- _Goal of the exercise_
Starting at the line with "58/4-R AB | |||" and ending at the line with "There were roughly", print exactly the lines of the entries below. Pictures do not belong in the copy.

- _The records_
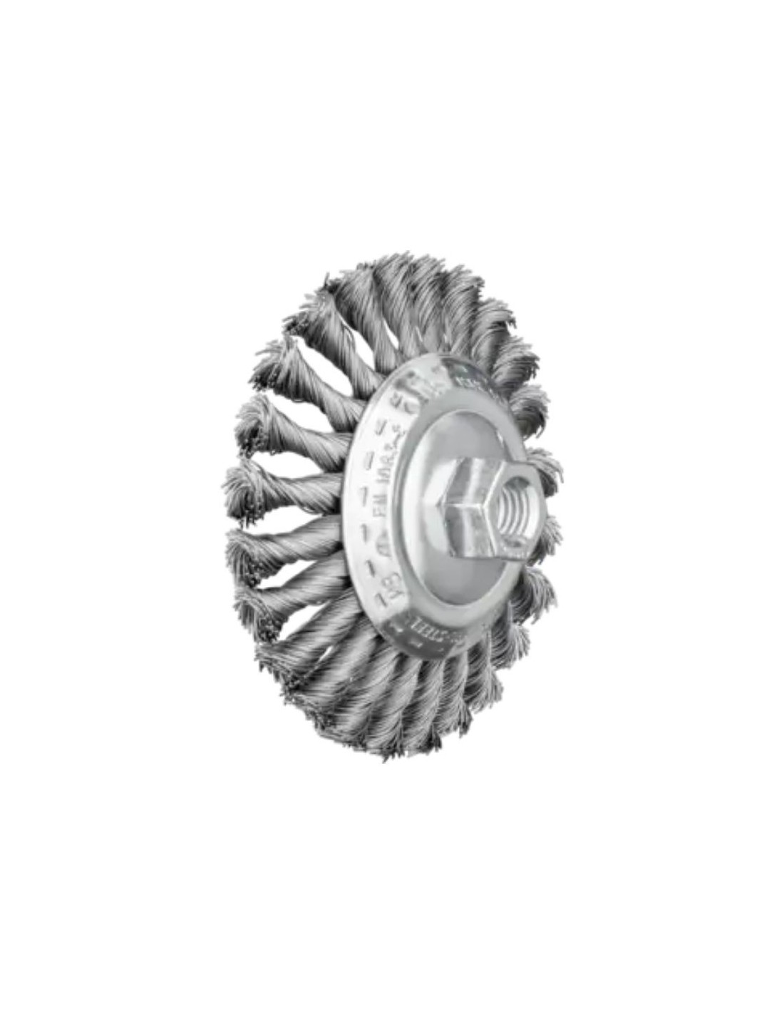 Carda cónica trenzada KBG de 115 mm de diámetro y 15 mm de ancho, con rosca M14 y alambre de acero de 0,50 mm para amoladora angular. Longitud de cerda 26 mm, 24 alambres trenzados, sistema de fijación por rosca, velocidad máxima 15.000 r.p.m., velocidades óptimas entre 7.500 y 12.500 r.p.m., diámetro exterior 115 mm, diámetro del alambre 0,5 mm, embalaje POS, 1 unidad por paquete.
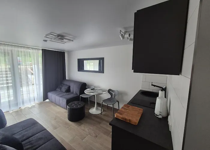 Om van uw vakantie in Palanga te genieten, verblijf in Meguvos 9 - Modernus Studijo Apartamentai Palanga van 22 m², gelegen op slechts 1 km van Sventosios Svc. Mergeles Marijos juru zvaigzdes baznycia en binnen 17 minuten wandelafstand van de Vissersdochters. Wi-Fi en gratis privéparkeerplaatsen zijn beschikbaar voor de zakelijke of recreatieve behoeften van de gasten.
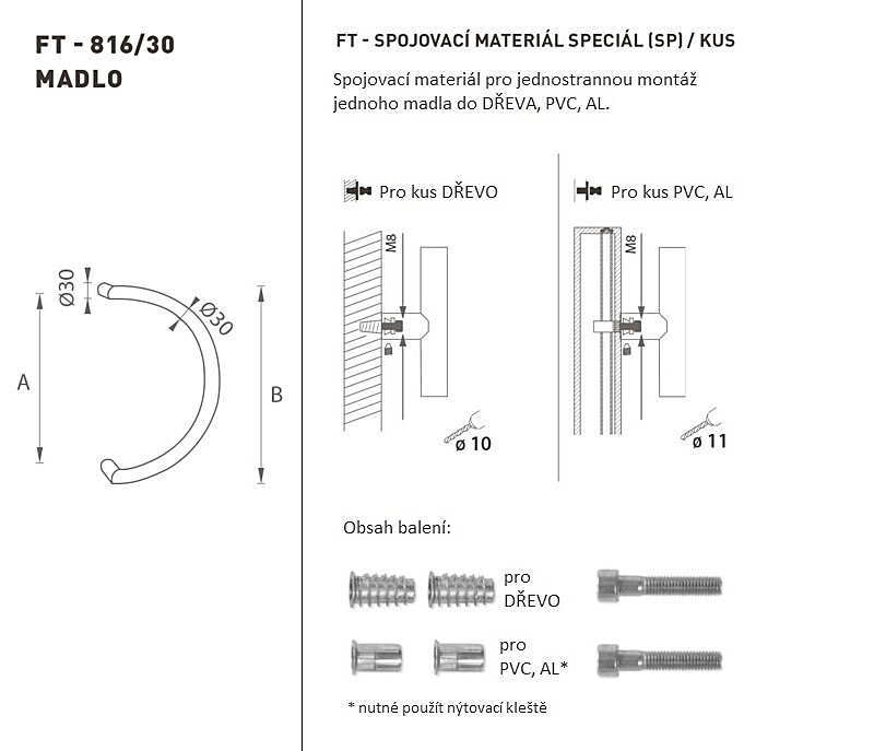 TÜRGRIFF MP Code 816 Ø 30 mm SP - Stück (BS - Mattschwarz)
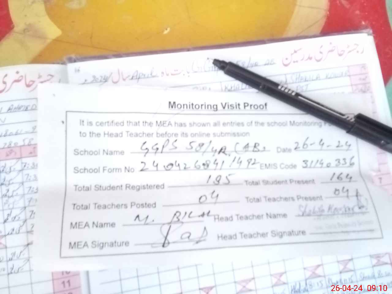 | EMIS Code: 31140336 | Name of School: GGPS CHAK NO. 58/4-R AB | |||
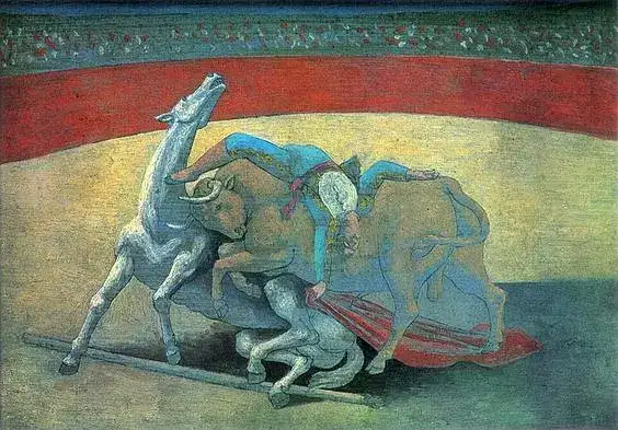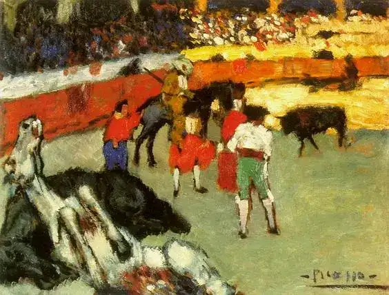 若是对比毕加索和马蒂斯,马蒂斯的颜色是直觉的,而毕加索的颜色是计较出来的,“马蒂斯是直觉地运用色彩,毕加索则将颜色看作是与形式互相分手的功能;他喜好图解式地将色情的、脱俗的、妖魔化的感受放进绘画中,或者爽性将一个特心猿意马图像做戏剧化处置。”在近似绘画红磨坊舞会画面里,毕加索借助一种西班牙明暗法——黑色被辉煌的深红和黄的色斑照亮。他机关画面的依据是现代本家儿义的暗影,而非印象本家儿义的色光。(《毕加索传:1881-1906 (卷一) [英] 约翰·理查德森,孟宪平,浙江大学出书社·启真馆, 2016.12 》
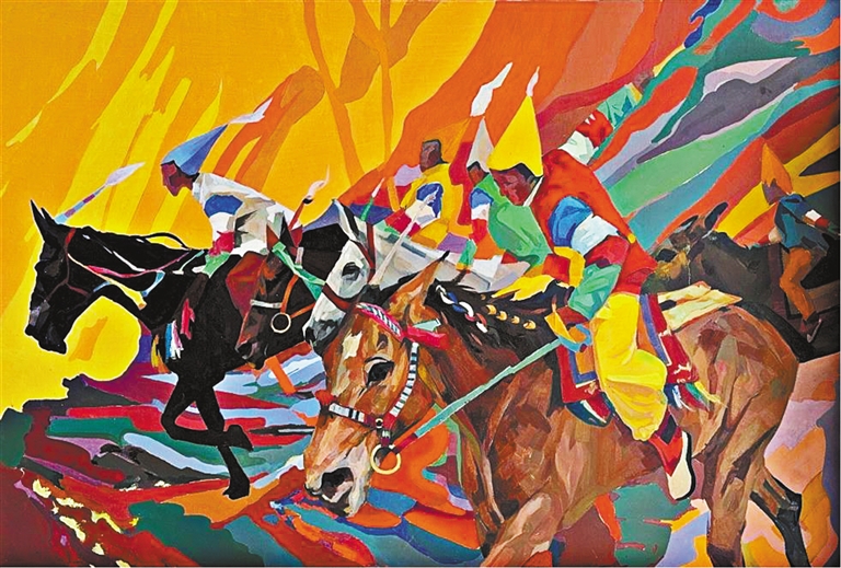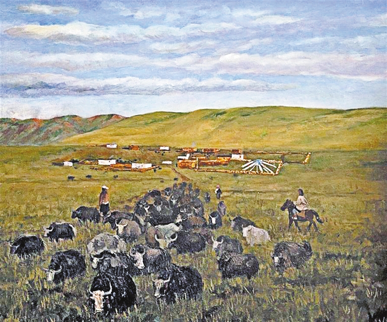 美術(shù)二等獎(jiǎng)作品《幸福西藏·牧區(qū)印象》?!∽髡摺」?/p>
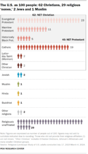 There were roughly 262 million adults in the United States, among whom are about 162 million Christians (and 76 million people who have no religion). Such huge numbers make it difficult to fully understand America’s religious landscape. But what if we imagined the U.S. as a small town of just 100 people? In this scenario, 62 would be Christian. With so many Protestant groups, it’s hard to break them down, denomination by denomination, but the largest group would be the 23 Evangelical Protestants, and there’d be 19 Catholics.
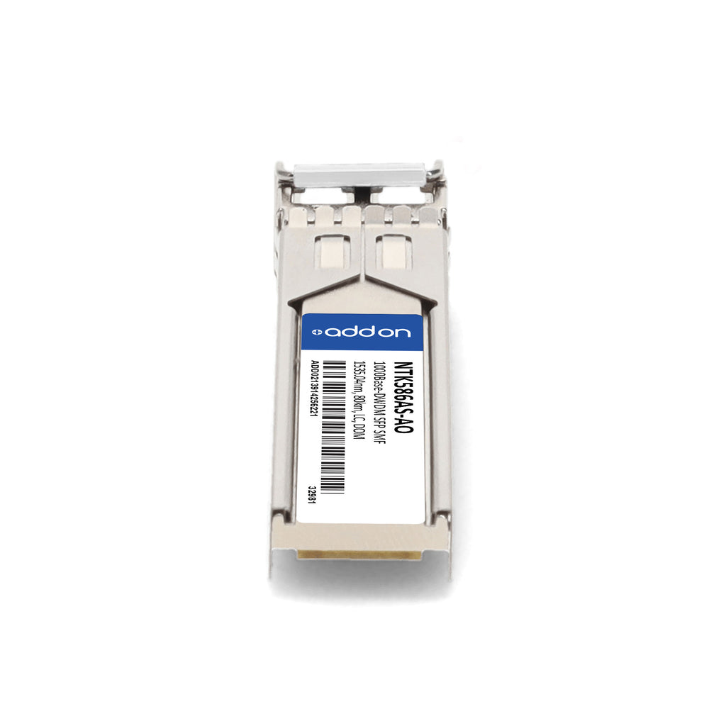 The AddOn Ciena® NTK586AS Compatible TAA 1000Base-DWDM SFP Transceiver delivers reliable Gigabit Ethernet and Fibre Channel connectivity over long distances up to 80km on single-mode fiber (SMF). Operating at a wavelength of 1535.04nm with 100GHz channel spacing, this transceiver features a duplex LC connector and supports Digital Optical Monitoring (DOM) for real-time parameter tracking. Designed for access, metro, and enterprise networks, it ensures seamless compatibility with Ciena® equipment and meets INF-8074 and SFF-8472 standards. The hot-pluggable, RoHS-compliant module offers excellent ESD protection, low EMI, and robust performance across a commercial temperature range of 0°C to 70°C. TAA compliance ensures suitability for U.S. government procurement, and each unit undergoes stringent testing and serialization to guarantee reliable operation and interoperability.
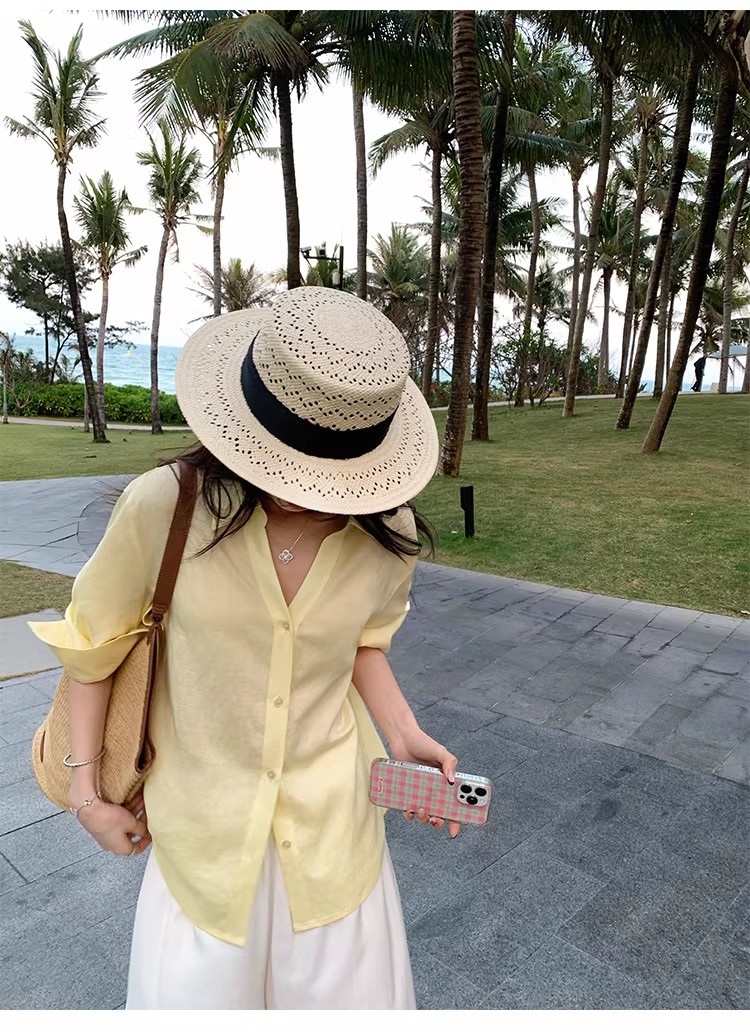 작은 대중 디자인 항구 바람 반팔 여성 셔츠 폴로 칼라 레트로 맨위 여름 드레스 외출용 ins 트렌디 디스플레이 화이트

- _Response area_
 | EMIS Code: 31140336 | Name of School: GGPS CHAK NO. 58/4-R AB | |||
 若是对比毕加索和马蒂斯,马蒂斯的颜色是直觉的,而毕加索的颜色是计较出来的,“马蒂斯是直觉地运用色彩,毕加索则将颜色看作是与形式互相分手的功能;他喜好图解式地将色情的、脱俗的、妖魔化的感受放进绘画中,或者爽性将一个特心猿意马图像做戏剧化处置。”在近似绘画红磨坊舞会画面里,毕加索借助一种西班牙明暗法——黑色被辉煌的深红和黄的色斑照亮。他机关画面的依据是现代本家儿义的暗影,而非印象本家儿义的色光。(《毕加索传:1881-1906 (卷一) [英] 约翰·理查德森,孟宪平,浙江大学出书社·启真馆, 2016.12 》
 美術(shù)二等獎(jiǎng)作品《幸福西藏·牧區(qū)印象》?!∽髡摺」?/p>
 There were roughly 262 million adults in the United States, among whom are about 162 million Christians (and 76 million people who have no religion). Such huge numbers make it difficult to fully understand America’s religious landscape. But what if we imagined the U.S. as a small town of just 100 people? In this scenario, 62 would be Christian. With so many Protestant groups, it’s hard to break them down, denomination by denomination, but the largest group would be the 23 Evangelical Protestants, and there’d be 19 Catholics.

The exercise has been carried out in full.